Basic discrete math objects
We now quickly review some of the mathematical objects (the “basic data structures” of mathematics, if you will) we use in this course.
Sets
A set is an unordered collection of objects. For example, when we write \(S = \{ 2,4, 7 \}\), we mean that \(S\) denotes the set that contains the numbers \(2\), \(4\), and \(7\). (We use the notation “\(2 \in S\)” to denote that \(2\) is an element of \(S\).) Note that the set \(\{ 2, 4, 7 \}\) and \(\{ 7 , 4, 2 \}\) are identical, since they contain the same elements. Also, a set either contains an element or does not contain it – there is no notion of containing it “twice” – and so we could even write the same set \(S\) as \(\{ 2, 2, 4, 7\}\) (though that would be a little weird). The cardinality of a finite set \(S\), denoted by \(|S|\), is the number of elements it contains.^{5} So, in the example above, \(|S|=3\). A set \(S\) is a subset of a set \(T\), denoted by \(S \subseteq T\), if every element of \(S\) is also an element of \(T\). (We can also describe this by saying that \(T\) is a superset of \(S\).) For example, \(\{2,7\} \subseteq \{ 2,4,7\}\). The set that contains no elements is known as the empty set and it is denoted by \(\emptyset\).
We can define sets by either listing all their elements or by writing down a rule that they satisfy such as \[ \text{EVEN} = \{ x \;:\; \text{ $x=2y$ for some non-negative integer $y$} \} \;. \]
Of course there is more than one way to write the same set, and often we will use intuitive notation listing a few examples that illustrate the rule. For example, we can also define \(\text{EVEN}\) as
\[ \text{EVEN} = \{ 0,2,4, \ldots \} \;. \]
Note that a set can be either finite (such as the set \(\{2,4,7\}\) ) or infinite (such as the set \(\text{EVEN}\)). Also, the elements of a set don’t have to be numbers. We can talk about the sets such as the set \(\{a,e,i,o,u \}\) of all the vowels in the English language, or the set \(\{\) New York
, Los Angeles
, Chicago
, Houston
, Philadelphia
, Phoenix
, San Antonio
, San Diego
, Dallas
\(\}\) of all cities in the U.S. with population more than one million per the 2010 census.

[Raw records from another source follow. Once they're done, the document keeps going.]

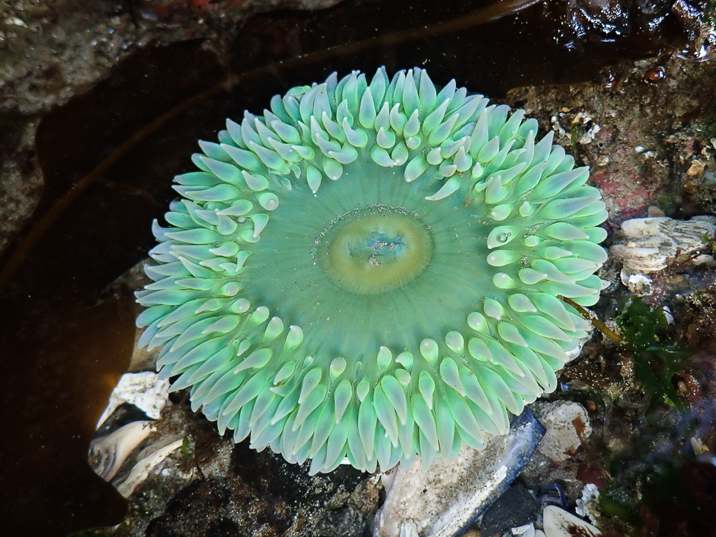 My symmetry party illustrates that examples of the main types of animal symmetry abound on the intertidal shore. Variations on the bilateral form are dazzling. There are fast movers among them and sessile forms too. Speaking of sessile forms, how about the radial crowd at the tide pools? Starfishes and anemones aren’t using their pizza pie symmetry for speed. Neither are the pelagic jellies; they’ve got good movement, but they do not speed, and being a bit at the mercy of the currents, they tend to get tossed up on the beach. So head over there. It won’t be long ’til you find a beachcast jelly. While you’re there, keep an eye out for symmetrically enigmatic ctenophores.
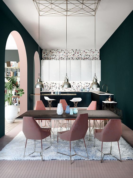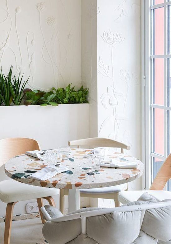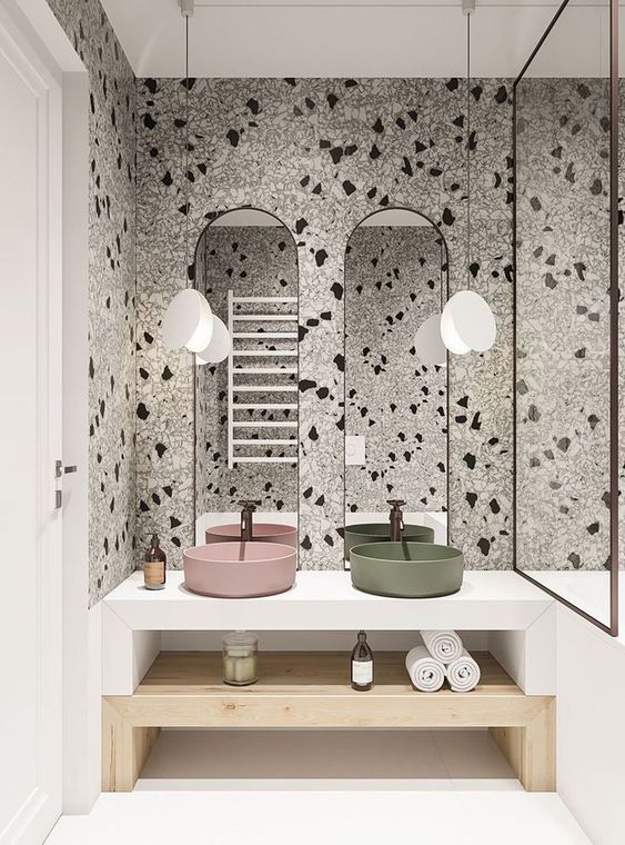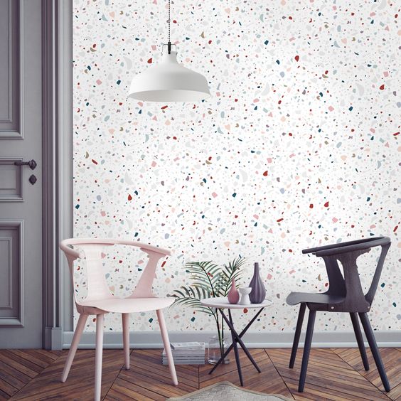 Sono tantissimi gli esempi di carte da parati ispirate alla graniglia. Filo conduttore il minimalismo, colori vivaci e abbinamenti inusuali. Lo stesso vale anche per arredi, come tavoli o tavolini, e complementi, come vasi e lampade. Se ti piace l’effetto ottico, ma hai paura di osare su grandi superfici, questo è un modo per averlo a casa, magari su oggetti piccoli o molto piccoli.
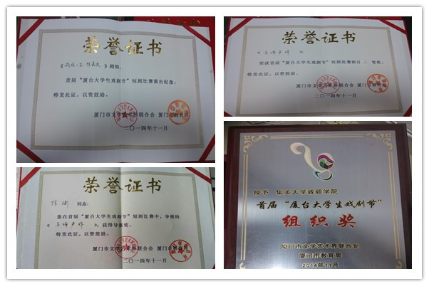 11月16日晚,首届厦台大学生戏剧节落下帷幕,集美大学诚毅学院改编参赛短剧《马蹄声碎》获短剧比赛剧目三等奖,《诚毅人生.陈嘉庚》获短剧比赛纪念奖,我院学生社团云跃剧社社长陈渊同学(会计1191)获短剧《马蹄声碎》最佳导演奖,同时我院获得优秀组织奖。
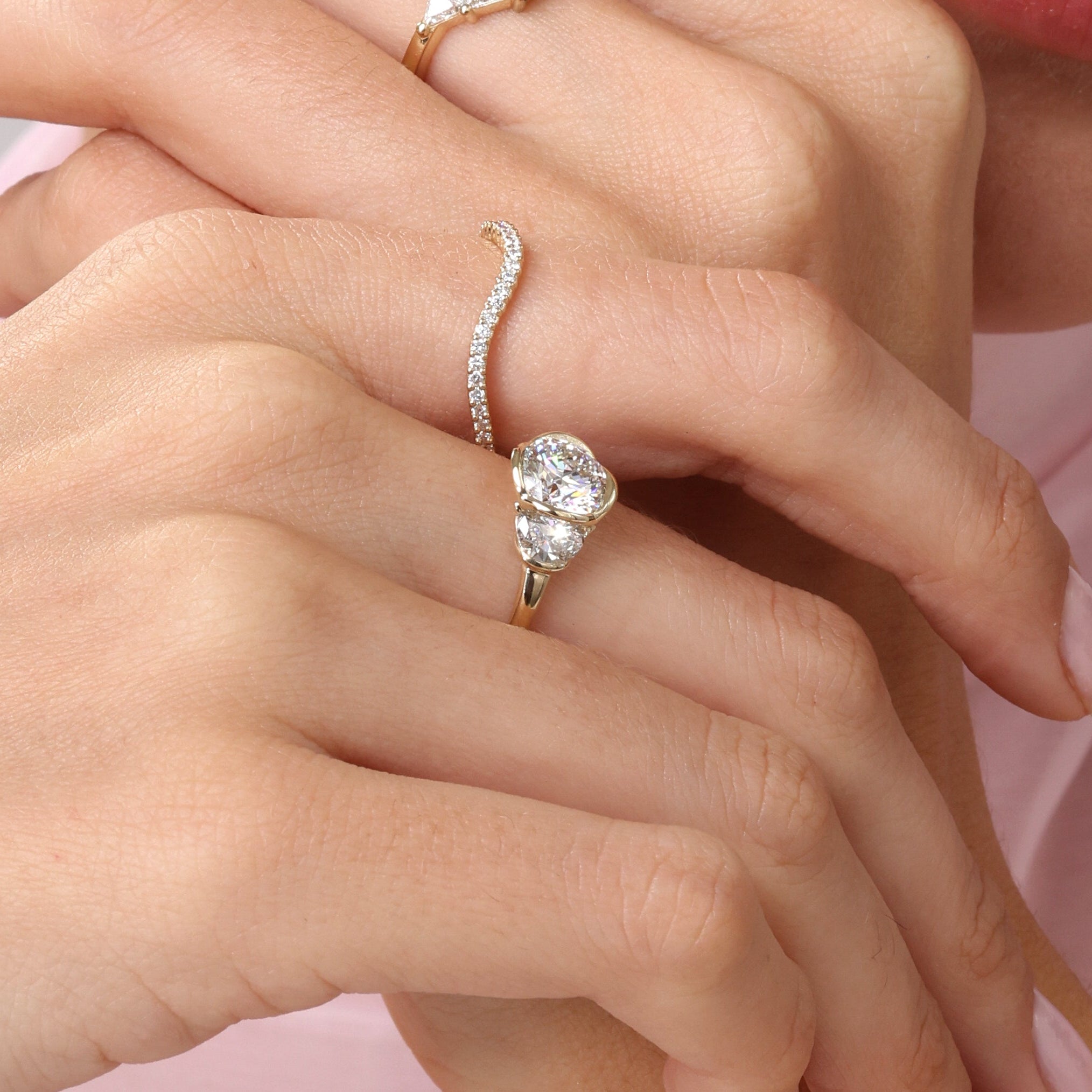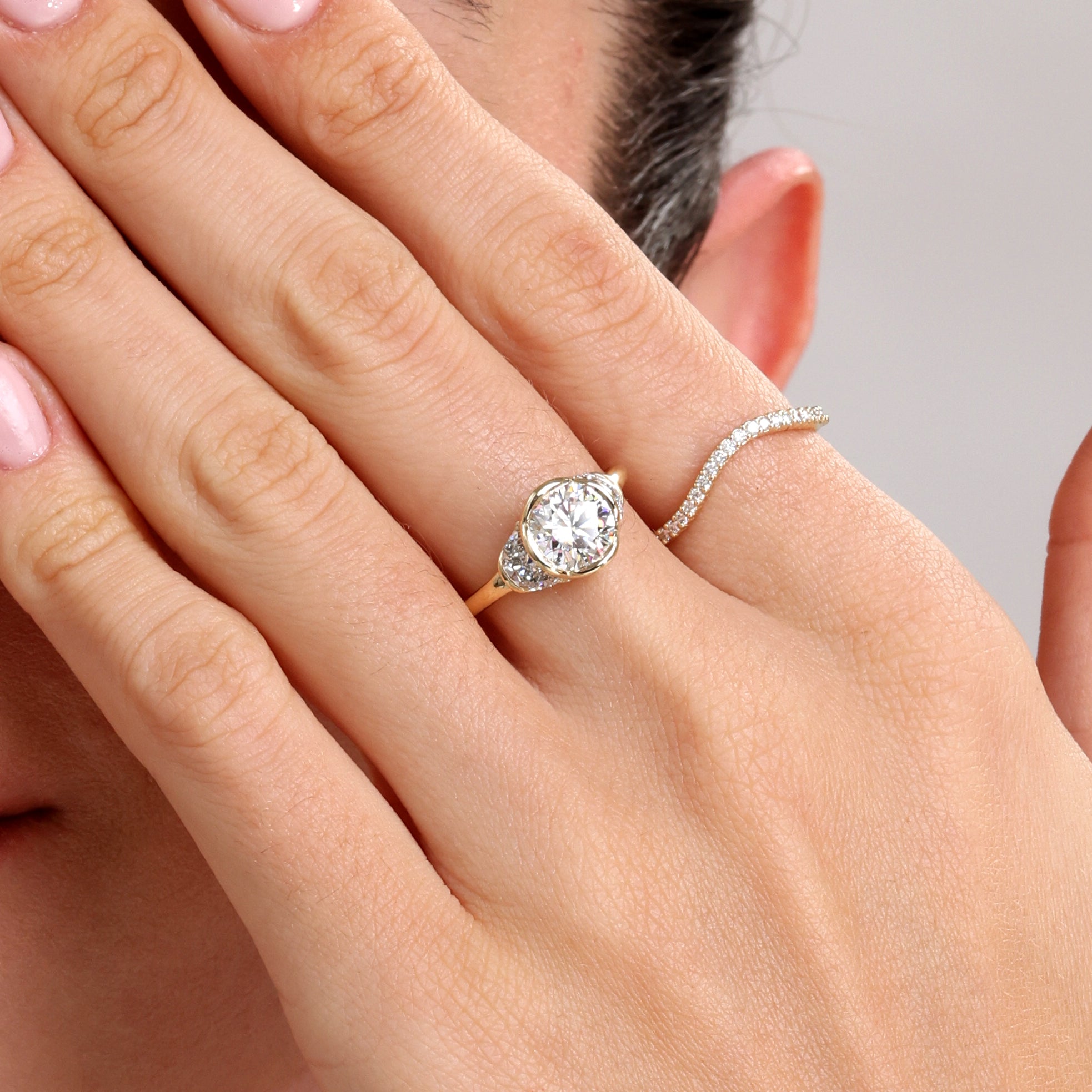 A luminous 1.5ct round diamond anchors the design, flanked by sculptural half-moon stones that create a sense of flow and balance. Soft gold curves wrap the stones, giving the ring a fluid, contemporary feel. Bold yet elegant, it’s a non-traditional engagement ring made for those who want something substantial, confident, and unmistakably modern.
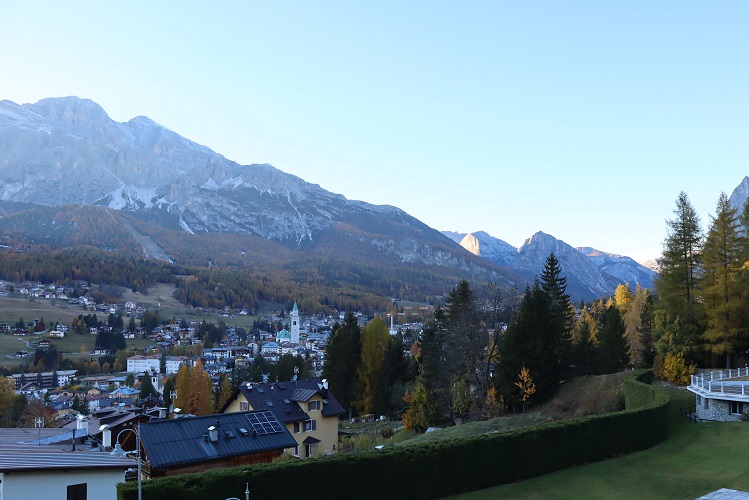 Al centro uno splendido silvestre e in alto la stazione della funivia. Fra loro la parete inospitale del Monte. Torniamo sui nostri passi o quasi (è piacevole girovagare fra i tanti sentieri che si intrecciano fra loro, quando il posto e soprattutto la pendenza lo consentono). Acero di monte neonato, altri ce ne sono in giro anche adulti. Ma come andrà a finire fra questi due così vicini?C’è tempo per un ultimo sguardo ravvicinato prima di uscire dal bosco.E quasi senza soluzione di continuità siamo fuori dal lariceto. Una fugace visita al giardino dell’Hotel dal quale siamo partiti e poi lo sguardo riposa sull’ampia valle occupata dall’abitato. Il Sole ha completato il suo arco diurno lasciando le Tofane nella penombra.Campanile e Basilica dei Santi Filippo e Giacomo.
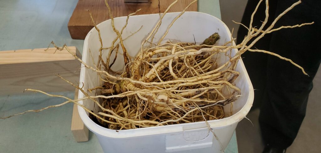 The roots after rinsing off soil. This turned out to be much more that we needed, so unused roots went into the freezer.
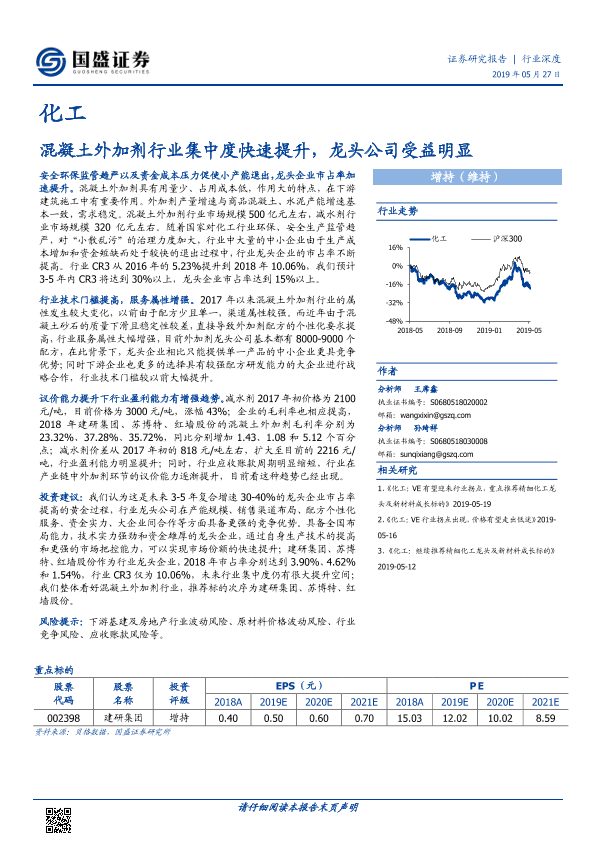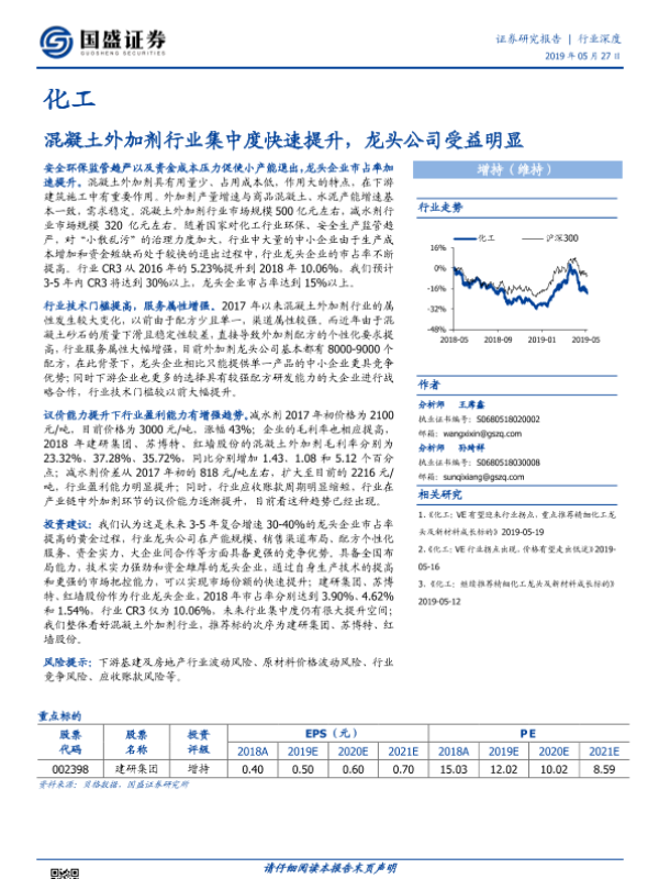 【国盛证券】【20190527】化工:混凝土外加剂行业集中度快速提升,龙头公司受益明显-15页
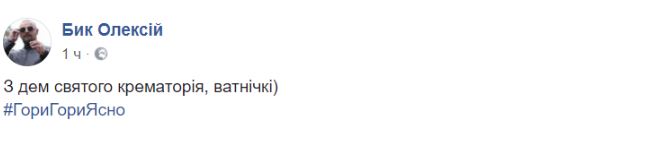 Активист "Правого сектора" Алексей Бык, избивший журналиста Руслана Коцабу, назвал трагедию 2 мая "днем святого крематория" и присовокупил хештег #ГориГориЯсно.
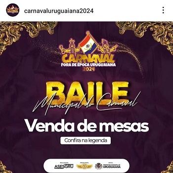 Mais informações na página do Carnaval de Uruguaiana 2024, no Instagram.
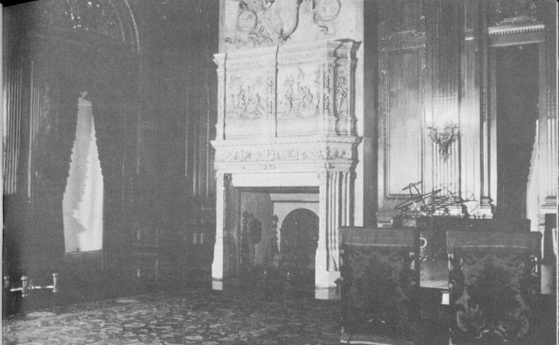 The curious public was barred from the estate during these operations for fear of damage to the exquisite and costly decorations. But speculation concerning the interior of the mansion could not be stopped. One reporter, commenting on the number of skilled workmen and artists who daily tramped into the building, surmised that “... the inside will be as rich and beautiful as the outside is massive and splendid.” Another writer seemed gripped with nostalgia for a simpler day when he wrote: “The modest dwellings which satisfied wealthy landowners along the Hudson half a century ago ... are disappearing. On their sites are rising baronial halls fit for royalty....”
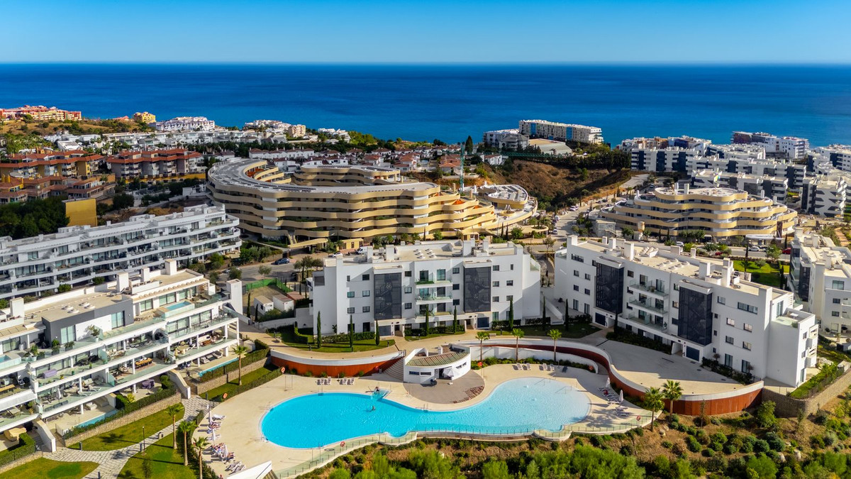 Luxury west facing apartment, in the exclusive urbanization of Higuerón West, with 3 bedrooms, 2 bathrooms, spacious living-dining room, open plan kitchen fully furnished and equipped with electricial appliances from Bosch including american fridge/freezer and wine cooler, laundry area with washing machine/dryer, large terrace of 54m2 with garden views. Master bedroom with walk-in closet, open plan bathroom and access to a small terrace of 5m2. Air conditioning hot and cold, video intercom, domotic system, built-in wardrobes in all bedrooms and hall entrance, electric awnings on main terrace and electric curtains in living room, pre-installation alarm system, floor heating in both bathrooms. Includes two parking spaces and one storage room.
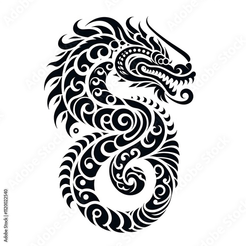 AI Generate of Dragon Shape in Samoan Art style isolated in white

A set can even have other sets as elements, such as the set \(\{ \emptyset, \{1,2\},\{2,3\},\{1,3\} \}\) of all even-sized subsets of \(\{1,2,3\}\).
Operations on sets: The union of two sets \(S,T\), denoted by \(S \cup T\), is the set that contains all elements that are either in \(S\) or in \(T\). The intersection of \(S\) and \(T\), denoted by \(S \cap T\), is the set of elements that are both in \(S\) and in \(T\). The set difference of \(S\) and \(T\), denoted by \(S \setminus T\) (and in some texts also by \(S-T\)), is the set of elements that are in \(S\) but not in \(T\).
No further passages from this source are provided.